Research output: Book chapter/Published conference paperConference paperpeer-review


Lolium rigidum (annual ryegrass ' ARG) is a ubiquitous weed of southern Australia infesting the majority of winter crops. This paper considers the role of allelopathy in the interactions between ARG and the associated crop species to improve the understanding of why ARG is such a successful weed. Four crop species, i.e. lupin, barley, wheat and canola, were exposed to root exudates of ARG to determine the extent of variation in growth responses.
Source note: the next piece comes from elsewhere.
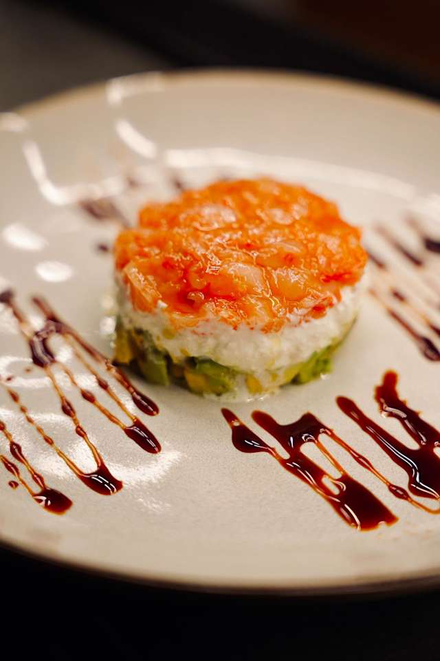- Tartare di gambero rosso con avocado, crema di peperoni e stracciata

At high ARG densities, root lengths of all crop species were significantly inhibited. Increasing the duration of ARG growth in the agar medium before introduction of the crop species further reduced crop growth. However growth responses differed between crop species. Canola was the most affected by ARG interference (67.5% root inhibition) followed in declining order by wheat (56.6%), barley (37% ) and lupin (31.1% root inhibition,). Activated carbon and removal of ARG plants prior to crop sowing were used to verify the presence of putative inhibitory chemicals.
Original languageEnglish
Title of host publication17th conference proceedings
Subtitle of host publicationNew Frontiers in New Zealand: Together we can beat the weeds
EditorsSue M Zydenbos
Place of PublicationChristchurch, NZ
PublisherNZ Plant Protection Society
Number of pages4
ISBN (Electronic)9780864762399
Publication statusPublished - 2010
EventAustralasian Weeds Conference (AWC) - Christchurch, New Zealand, New Zealand
Duration: 26 Sep 201030 Sep 2010


ConferenceAustralasian Weeds Conference (AWC)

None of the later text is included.